Before you guys start yelling at me, and screaming words like sexist and misogynistic, I'm not trying to say there is anything wrong with this trend, assuming this isn't all in the my head. Nor am I really trying to engage in an educated sociological discussion on the merits of this phenomenon. To tell you the truth, I'm not even sure I have a serious point to make, or a profound observation to share.
By this point in time you are probably wondering, even if this is really what's going on, what is your point of all this? I'm so glad you asked. Other than the fact that I've not bought books I've liked the sound of, but didn't care for the sound of the protagonist, I'm afraid that it pigeonholes boys into reading certain types of books, or keeping them from reading all together. I totally understand the reason for strong female protagonists, as it gives girls and women someone to emulate or relate to. But don't boys, teens, and adult men need the same thing. Is there a reason why men should be forced to read two or three genres in order to find male heroes they can relate to? I could be over thinking it, and working myself into a tizzy for no reason, but I'm not so sure I'm wrong here. If this trend is stopping me, someone who already loves to read and has always been pretty open in what I do read, from reading entire genres or avoid certain plots lines, how would I not assume it's doing it to those who don't read that much or haven't found a love for reading yet.

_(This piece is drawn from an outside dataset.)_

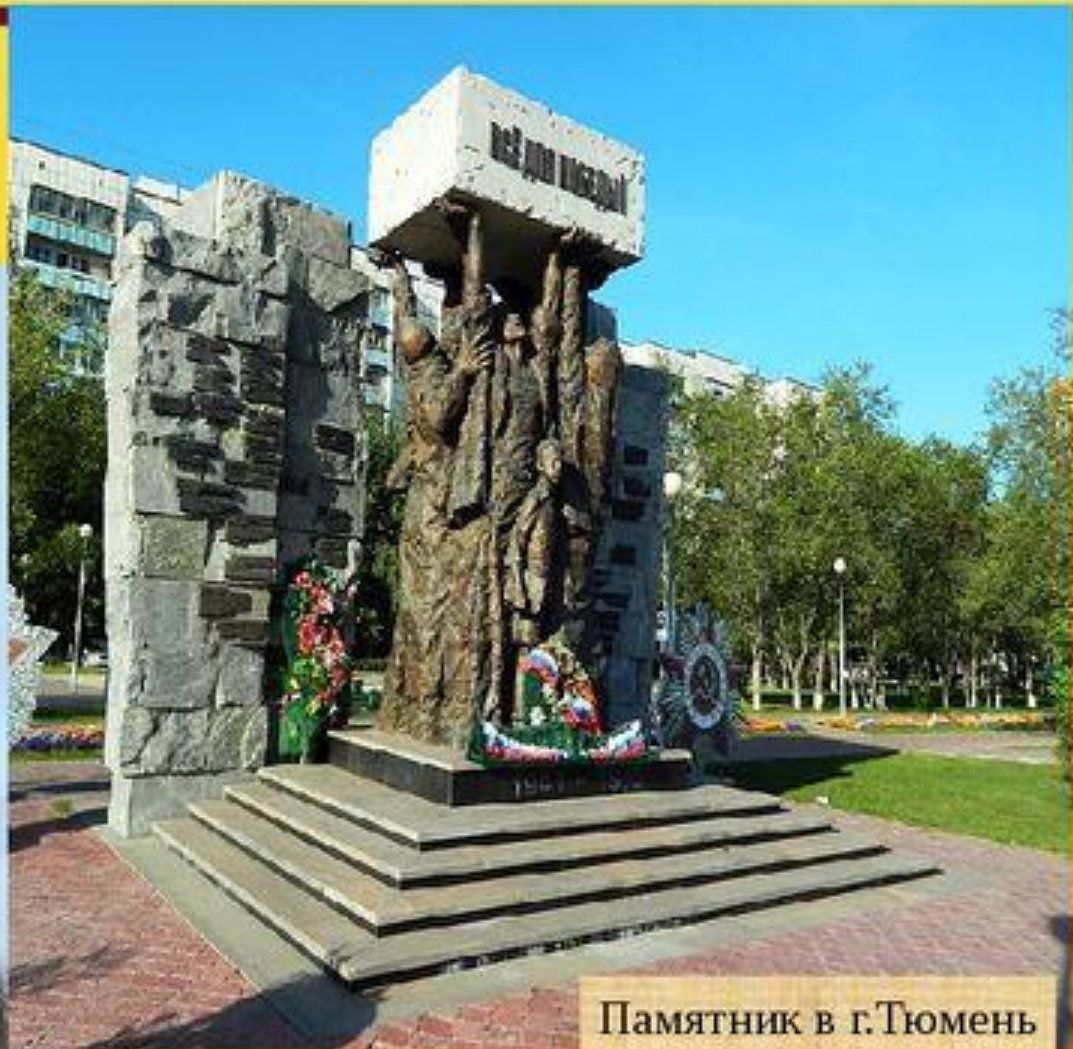
Памятник в г.Тюмень

So am I out on a limb here? Is this something that really doesn't exist, and that it's pure coincidence in the books I'm noticing in the stores and on blogs? And if it is real, what's causing it. Do women make up the majority of the American reading public? Are most of the new authors being published now women? And, assuming this is a real phenomenon, is it the problem I seem to think it is, or is it benign and not worthy of notice? I'm not sure about any of the questions I just asked, but I'm curious to see what you guys have to say about it.